In the last blog we talked about all of the enhancements with hospice providers and we skimmed over administrative and clinical risk exposure.

The first risk is uninformed benefit election. To avoid risks you should include an election statement that contains essential information and disclosure like a clear explanation of the scope and nature of hospice, effective date of the election, term of benefits, and waiver of Medicare benefits related to treatment of the terminal illness while enrolled with Medicare hospice, and reiterate the patient’s basic right to change providers or revoke benefits.

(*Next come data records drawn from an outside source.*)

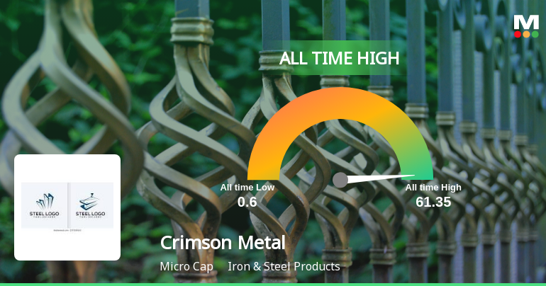 2026-01-19 10:33:05Crimson Metal Engineering Company Ltd, a key player in the Iron & Steel Products sector, reached a new all-time high of Rs.61.35 today, marking a significant milestone in its market journey. The stock’s robust performance over recent months has culminated in this record peak, reflecting sustained investor confidence and strong price momentum.
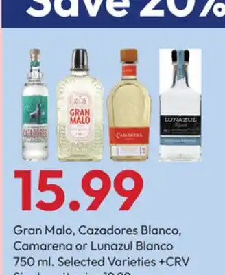 Gran Malo, Cazadores Blanco, Camarena or Lunazul Blanco offers and online specials, straight from the current Stater Bros ad
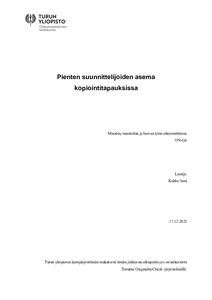 Tämä tutkielma käsittelee pienten suunnittelijoiden asemaa kopiointi tapauksissa. Immateriaalioikeuksista käsittelyssä ovat tekijänoikeus ja mallioikeus, jotka molemmat sopivat hyvin muotiluomusten suojaamiseen. Tutkielmassa verrataan pienten suunnittelijoiden oikeudellista ja yhteiskunnallista asemaa suurempiin yrityksiin, joilla on suuremmat taloudelliset sekä organisatoriset resurssit käytettävissään. Tutkimus keskittyy pieniin suunnittelijoihin, joilla ei ole taustallaan näitä edellä mainittuja tekijöitä tukemassa luovalla alalla menestymistä. Tutkimus on monitieteinen, jossa keskitytään lainopillista metodia hyödyntäen tarkastelemaan nykyistä oikeustilaa. Tutkimuksessa hyödynnetään lisäksi muodintutkimusta selvittämään muotimaailman hierarkkisia rakenteita. Yrityksen toimintaan syvennyttäessä hyödynnetään oikeustaloustieteellistä näkökulmaa. Tutkielman tutkimuskysymyksenä on selvittää, millaisia eroja pienten suunnittelijoiden ja suurten yritysten oikeudellisessa ja yhteiskunnallisessa asemassa ilmenee kopiointitapauksissa. Keskeisenä havaintona oli, että suuremmat toimijat pystyvät hyödyntämään immateriaalioikeusjärjestelmää tehokkaammin kuin pienemmät suunnittelijat. Pienemmillä tekijöillä ilmeni haasteita oikeuksien täytäntöönpanossa muun muassa psykologisten ja taloudellisten tekijöiden takia. Immateriaalioikeusjärjestelmä voidaan katsoa lainsäädännöllisesti riittäväksi nykyisessä muodossaan. On kuitenkin huomattavissa, että se osaltaan voi jäädä pienelle suunnittelijalle saavuttamattomaksi. Tässä kohdin pohdintaan voisi nousta, että pystyisikö esimerkiksi kilpailuoikeudellisten mekanismien avulla parantaa pienten suunnittelijoiden oikeusasemaa.
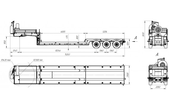 45000 кг, шины 445/65R22,5 или 395/85R20 / 6+1, платформа без трапов6005 мм, погрузочная высота 800 мм, ССУ 1530 мм, пневматическая или рессорная подвеска

Failure to certify patients as terminally ill. A well-documented certification processed with evaluations from the physician is needed to correctly diagnose that a patient is terminally ill.

Inappropriate level of care. Routine home care, continuous home care, respite care and general inpatient care are the four levels of care. Providers should be paying close attention to the hospice patient’s levels of care because they tend to decrease and sometimes it is a rapid decrease.

Denial of access to services. Routine covered services, limitations on care, and inpatient care are three aspects of patient’s care that the patients need to understand face to face and written.

Deficient care planning and related documentation. IDG members can more accurately depict care provided and patient status by making certain that hospice care records include patient/family discussions, interventions, clinical findings and notes regarding patient’s conditions and comfort, communication with physicians.

Unsupervised volunteer staff. Volunteers must be properly trained and have established roles and always work under a supervisor.

Lack of coordination between hospice and aging services providers. Successful  planning  and following strategies like establish joint dedicated teams to coordinate care and serve residents in a consistent manner, sticking with an established schedule, creating opportunities for regular dialogue and communication, designating one person to serve as a connection to the aging services organization, and exchanging regular information on the quality of the partnership, in terms of a client, organizational and regulatory expectations, will make a successful care plan.